The airport opened on 3 May 1937. It was named in 1937 after Mario Mameli, a bomber pilot from the fascist-era Italian airforce shot down in the Second Italo-Ethiopian War. The airport was upgraded in 2003 and the terminal was expanded and provided with 6 jetbridges for passenger boarding, with a capacity of 4 million passengers per year. In 2018, the airport handled 4,370,014 passengers.

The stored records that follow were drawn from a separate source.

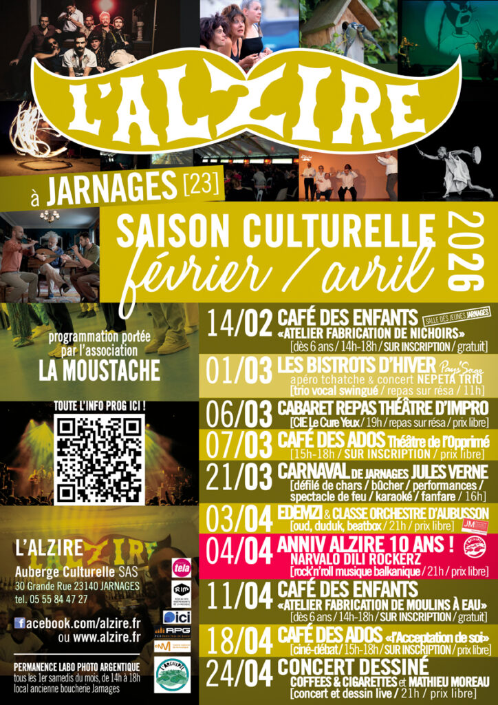 Agenda Alzire : https://www.alzire.fr/evenements/
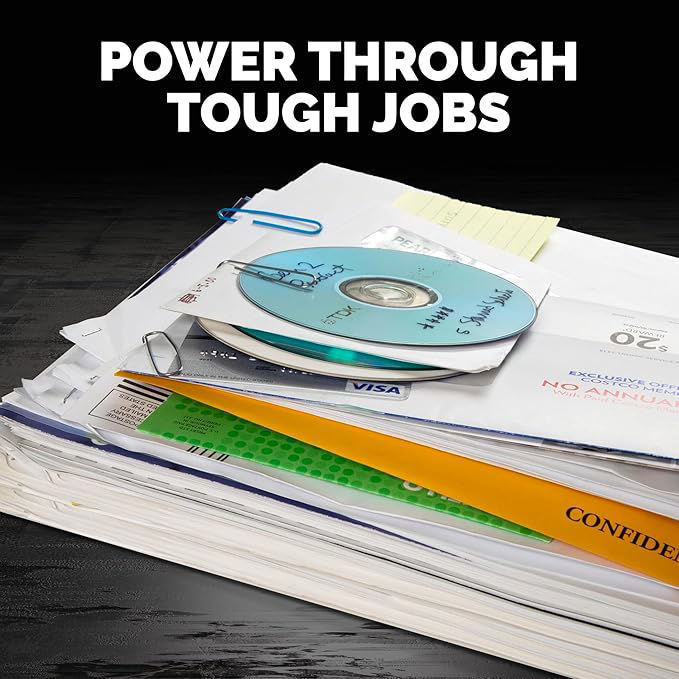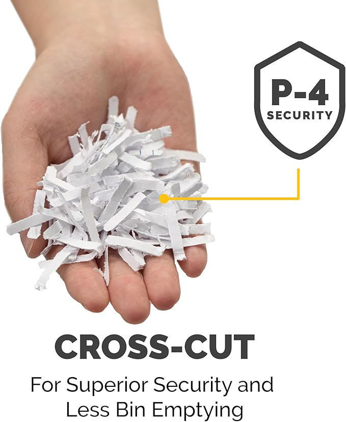 Shreds up to 18 sheets of paper per pass into 397 (5/32” x 1-1/2” Security Level P-4) cross-cut particles; shreds staples, credit cards, paper clips, CDs/DVDs, junk mail
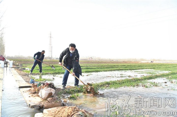 圖為曲沃縣史村鎮(zhèn)吉許村村民在灌溉小麥。
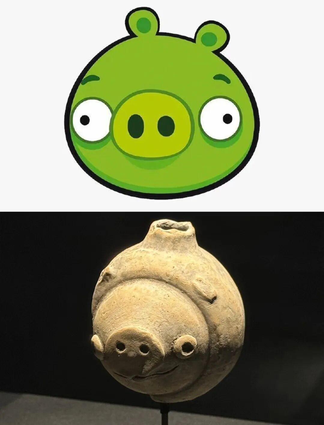 无独有偶,在四川广汉联合遗址出土的陶猪,酷似“愤怒的小鸟”里面的反派绿猪。
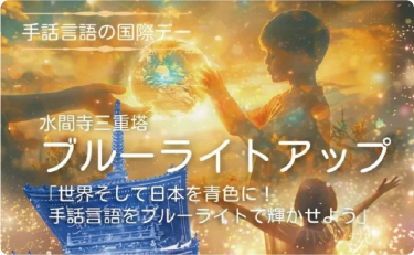 「手話言語の国際デー」水間寺三重塔ブルーライトアップ
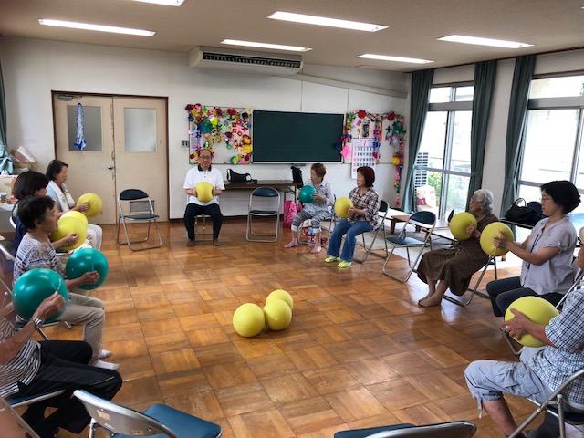 健康講座 活動報告 2018年07月19日 平成30年7月19日(木)午後1時30分より 三好下公民館にて、100歳まで歩ける健康法をテーマに話をしました。 とても暑い中、お集まりくださり、本当にありがとうございました。 後半は、クノンボール体操を体験して頂きました。 いかがでしたか? 簡単で、楽しくできる健康体操です。
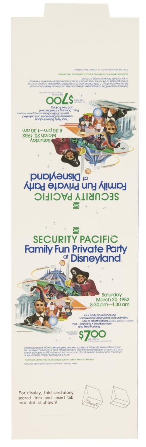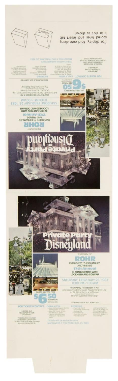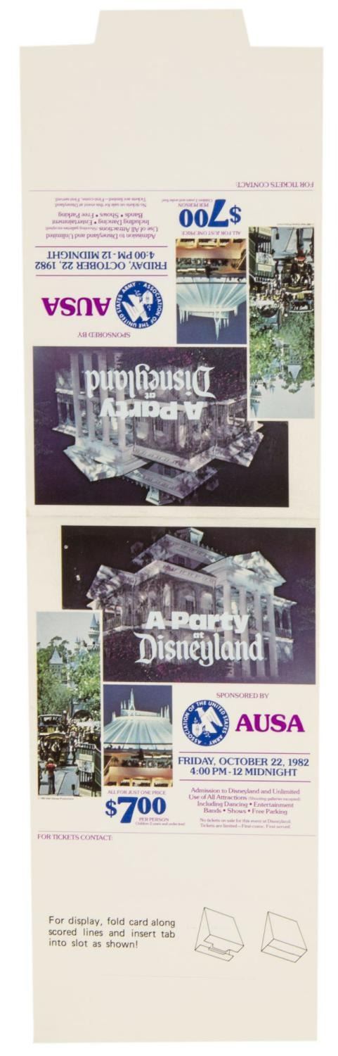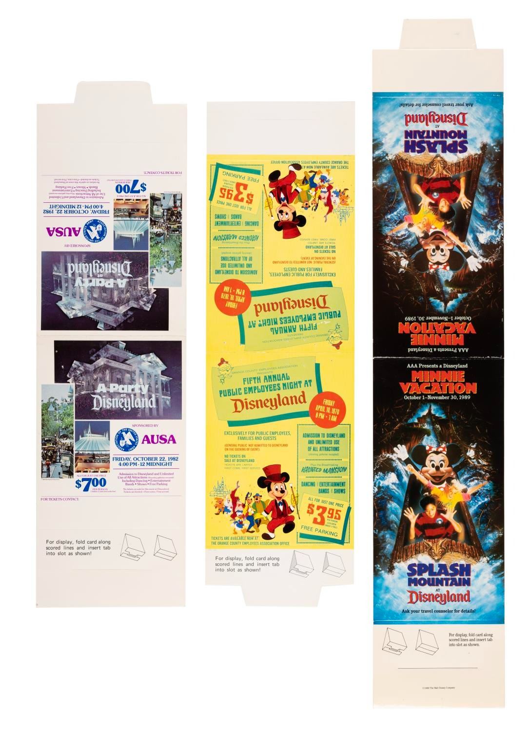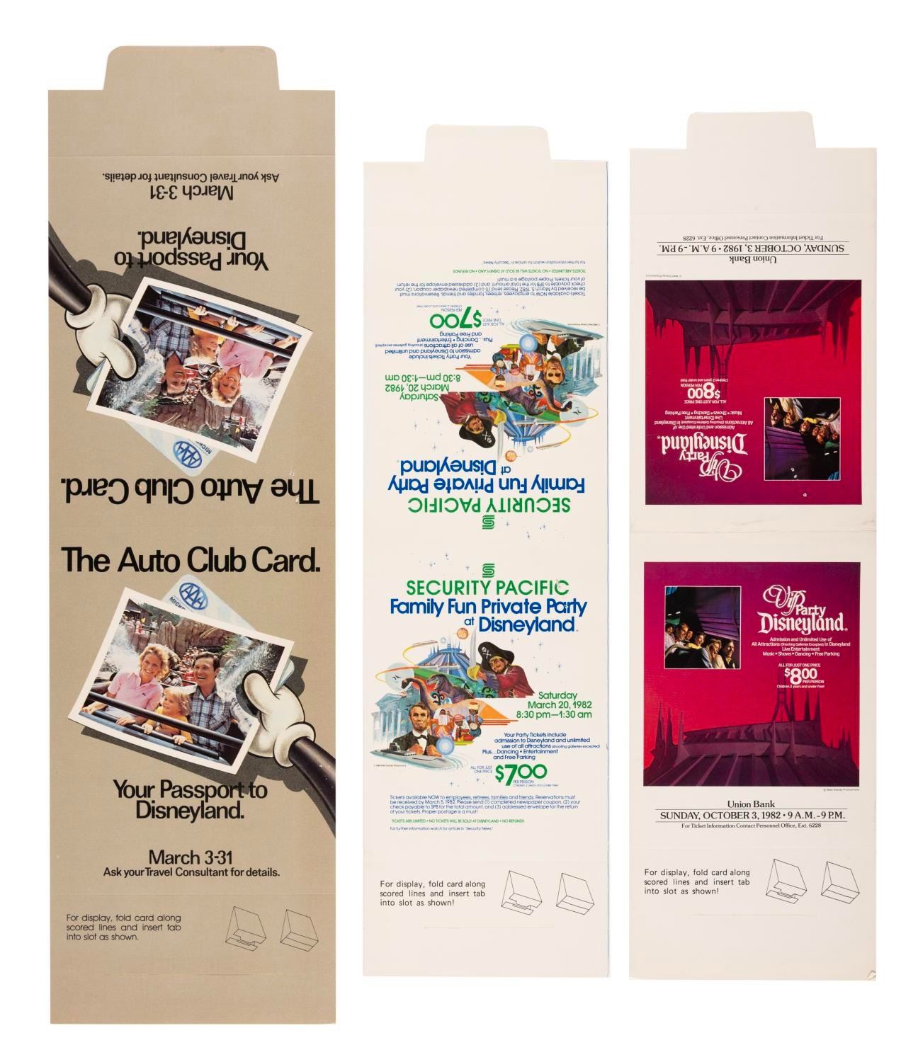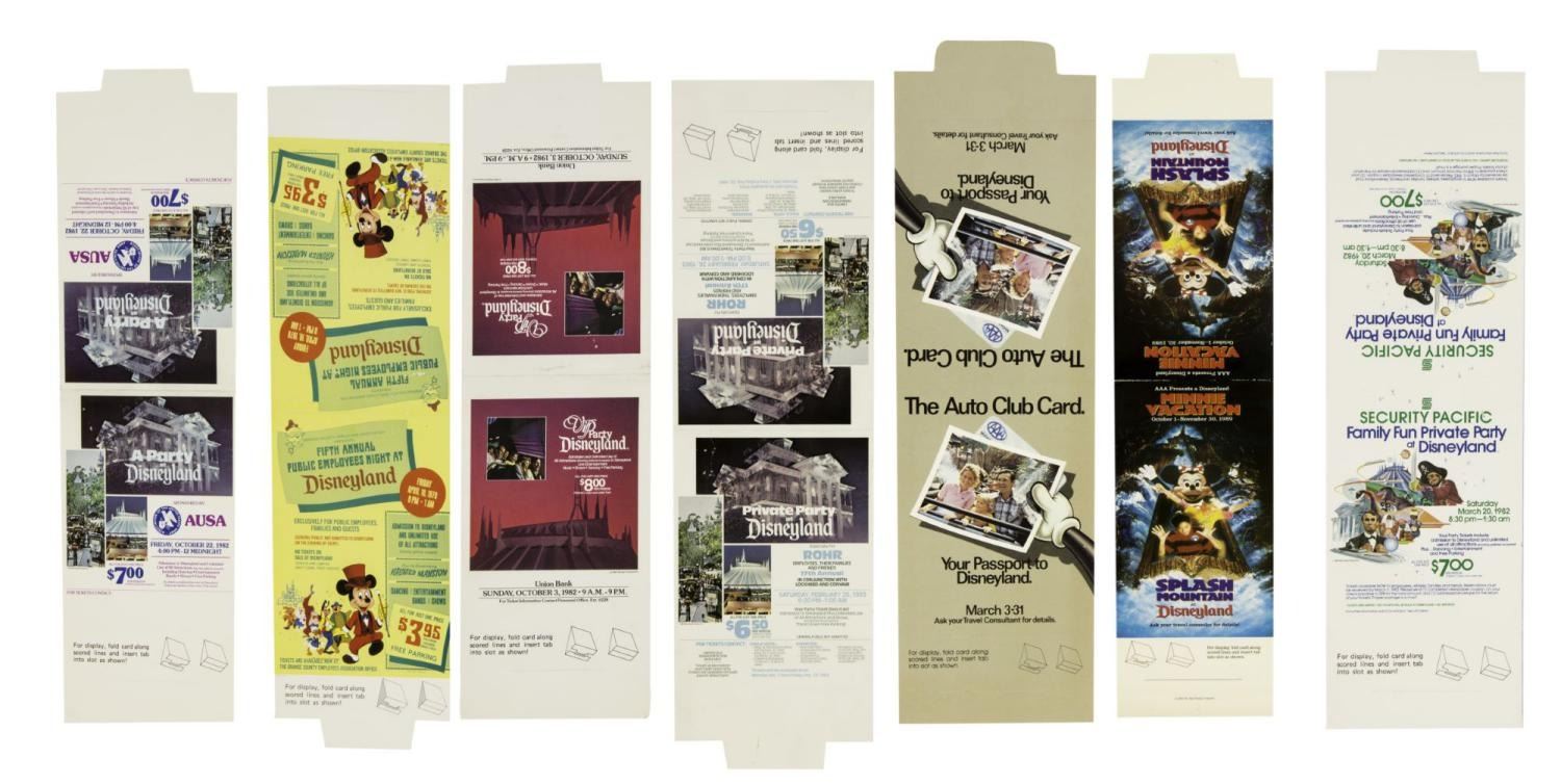 (Disneyland, 1970s-80s) A collection of seven countertop A-frame displays promoting special events at Disneyland. Measuring between 5.5" and 7" tall when opened and assembled, these display pieces are in very good condition with minor wear.
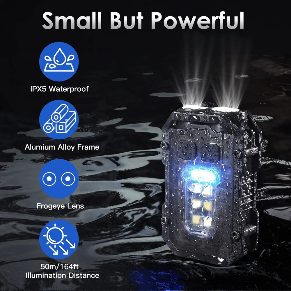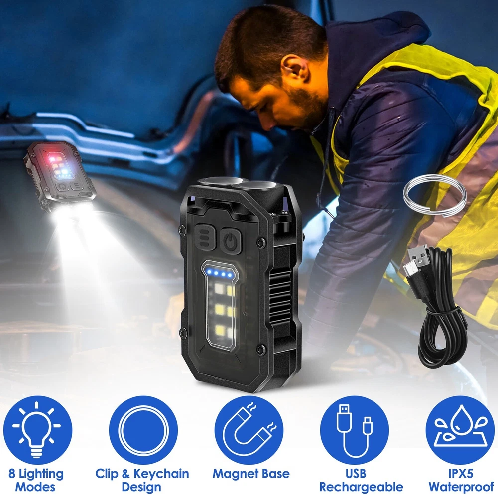 Featured Item Product Detail Image Gallery Product Description Overview: Do you often do repairing work? Then our mini pocket keychain flashlight is definitely for you! Our min LED flashlight is endowed with 4 main light modes and 4 side light modes that cater to a variety of scenarios, such as hiking, camping, hunting, climbing, night walking, backpacking, caving, auto repairing in particular! The magnet base can firmly attach to various metal surfaces like car hood or steel shelf while repairing. What’s more, both the back clip and keychain enable the LED work light to be so mini that perfectly fits your pocket for convenience. Keep standby for up to 8 hours after charging for 3 hours.USB rechargeable and IPX5 waterproof. A helpful assistant and thoughtful gift for repairers, adventurers, and even little boys! Features: 4 LED Main Light Modes: Our mini pocket keychain flashlight featured with 4 main light modes,including Single Strong Light,Single Weak Light,Double Strong Light and Double Weak Light. An extremely helpful assistant that caters to a variety of scenarios,such as hiking,camping,hunting,climbing,night walking,backpacking,caving etc.. 4 COB Side Light Modes: Our EDC flashlight also provides 4 side lighting modes(White Strong Light/White Weak Light/Red Light/ Red-blue Flashing Light),suitable for reading,emergency and auto repairing in particular. Clip & Magnetic Design: This LED work light has a magnetic base,which can firmly attach to various metal surfaces like car hood or steel shelf while repairing. Our rechargeable keychain flashlight features a back clip that allows you to attach it to belts,tool bags,or tent tops,freeing your hands. USB Rechargeable& Longlasting: Built in 750mAh rechargeable battery,this pocket work light can keep standby for up to 8 hours after charging for 3 hours. The 4 battery indicators and the included charging cable provide much convenience for charging this LED pocket light. Compact & Waterproof: The IPX5 waterproof performance makes this mini keychain flashlight an ideal companion for outdoor use. Its ultracompact size of 1.46x2.28x0.79in enables itself to perfectly fit your pocket. A thoughtful gift for repairers,little boys and adventurers! Friendly Reminder: 1. Please do not use it when it rains heavily. 2. Please do not immerse it into water. 3. Please do not irradiate the eyes or touch the light bead directly in case of hurting your eyes or scalding. 4. Please do not put it under the sun or in thermal environment. 5. Please do not try to detach the electric parts. 6. Please do not toss or hit it in case of the potential damage of light bead or battery. Specifications: Brand: Lakeforest Product Type: LED Keychain Flashlight Color: Black Material: Plastic+Aluminum Alloy Inbuilt Battery: 750mAh Rechargeable Battery(Battery is not for individual sale) Light Source: LED+COB Base: Magnetic Indicator: 25%-50%-75%-100% Waterproof Level: IPX5 Maximum Illumination Distance: 50m/164ft 8 Lighting Modes: *LED Main Light: *COB Side Light: Runtime: *Single Strong Light: 6Hrs *Single Weak Light: 8Hrs *Double Strong Light: 3.5Hrs *Double Weak Light: 6.5Hrs *White Strong Light: 6Hrs *White Weak Light: 8Hrs Charging Time: Around 3-4Hrs Charging Cable Length: 51cm/20.08in Item Size: 3.7x5.8x2cm/1.46x2.28x0.79in Item Weight: 44g/0.1 lbs Package Size: 7.7*2.2*8cm/3.03*0.87*3.15in Package Weight: 70g/0.15 lbs Package Contents: 1 x LED Keychain Flashlight 1 x Charging Cable 1 x User Manual Terms & Conditions Thank you for your business !

==Airlines and destinations==
The following airlines operate regular scheduled and charter flights at Cagliari Elmas Airport:

| Airlines | Destinations |
|---|---|
| Aeroitalia | Cuneo, Milan–Linate, Rome–Fiumicino Seasonal: Alghero, Bologna, Catania, Florence, Lamezia Terme, Olbia, Pisa |
| Air France | Seasonal: Paris–Charles de Gaulle |
| AlbaStar | Seasonal: Milan-Bergamo |
| Austrian Airlines | Seasonal: Vienna |
| British Airways | Seasonal: London–Gatwick |
| easyJet | Basel/Mulhouse, Geneva, Milan–Malpensa Paris–Orly Seasonal: Bordeaux, Lyon, Naples, Nice |
| Edelweiss Air | Seasonal: Zürich |
| Eurowings | Seasonal: Düsseldorf, Hamburg, Salzburg, Stuttgart |
| Iberia | Seasonal: Madrid |
| KLM | Seasonal: Amsterdam |
| Lufthansa | Seasonal: Frankfurt, Munich |
| Luxair | Seasonal: Luxembourg |
| Luxwing | Seasonal charter: Aosta |
| Marathon Airlines | Seasonal charter: Innsbruck |
| Neos | Seasonal: Bologna, Milan–Malpensa, Verona |
| Ryanair | Bari, Bologna, Budapest, Catania, Brussels-Charleroi, Cuneo, Genoa, Kraków, London–Stansted, Malta, Milan–Malpensa, Naples, Nuremberg, Palermo, Paris-Beauvais, Parma, Pisa, Porto, Rimini, Rome–Ciampino, Seville, Stockholm–Arlanda, Turin, Valencia, Venice, Verona Seasonal: Carcassonne, Dublin, Forlì, Gothenburg, Frankfurt-Hahn, Karlsruhe/Baden-Baden, Madrid, Palma de Mallorca, Milan-Bergamo, Perugia, Pescara, Poznań, Trieste, Vienna, Weeze |
| Scandinavian Airlines | Seasonal: Copenhagen |
| SkyAlps | Seasonal: Bolzano |
| Smartwings | Seasonal: Prague |
| Sundor | Seasonal: Tel Aviv |
| Transavia | Seasonal: Paris–Orly |
| Volotea | Florence, Marseille, Venice, Verona |
| Vueling | Barcelona |
| Wizz Air | Milan–Malpensa (begins 14 December 2026), Venice (begins 14 December 2026) |

==Ground transportation==
The airport is about 7 km from Cagliari city centre.
A railway station serving the airport enables connections to most Sardinian towns.

==Accidents and incidents==
- On September 14, 1979, Aero Trasporti Italiani Flight 12, a DC-9-32 crashed in the mountains near Cagliari, Italy while approaching Cagliari-Elmas Airport. All 27 passengers and 4 crew members died in the crash and ensuing fire.